I tried below code and it works for Date, Order Id and Employee Id columns as expected (because they are the same across two dataframes and we join based on them), but not for other, because they may have different values. Basically, the logic in this code is if Null, then fill with values from the same row in specified column.
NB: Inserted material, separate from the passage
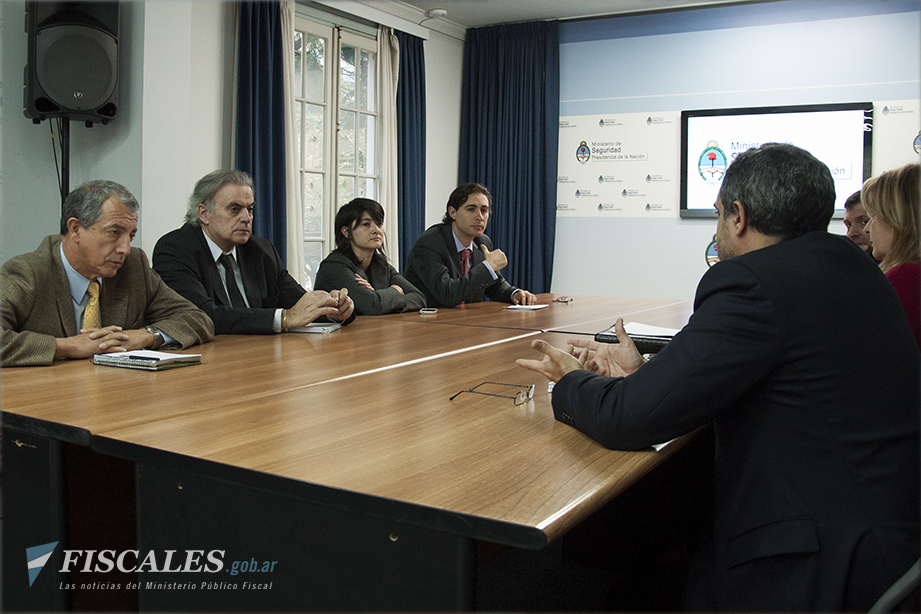Este mediodía, en la sede del Ministerio de Seguridad de la Nación, miembros de la Comisión de fiscales recientemente creada para elaborar recomendaciones sobre los “secuestros virtuales” se reunieron con funcionarios de ese organismo. De la comitiva del MPF participaron Diego García Yomha, Ana Yacobucci, Paula Asaro, Estela Andrades y Horacio Azzolin. Entre otros temas, se discutieron cuestiones vinculadas a la investigación, casos generales, tareas de prevención y comunicación sobre este tipo de delito. Asimismo, comenzaron a proyectar el trabajo conjunto y coordinado entre ambos organismos.

However, since values may be different, filled column becomes messy, because it has multiple variations of the same value.
outer_joined_df['Date (df1)'] = outer_joined_df['Date (df1)'].combine_first(outer_joined_df['Date (df2)'])
outer_joined_df['Date (df2)'] = outer_joined_df['Date (df2)'].combine_first(outer_joined_df['Date (df1)'])
outer_joined_df['Order Id (df1)'] = outer_joined_df['Order Id (df1)'].combine_first(outer_joined_df['Order Id (df2)'])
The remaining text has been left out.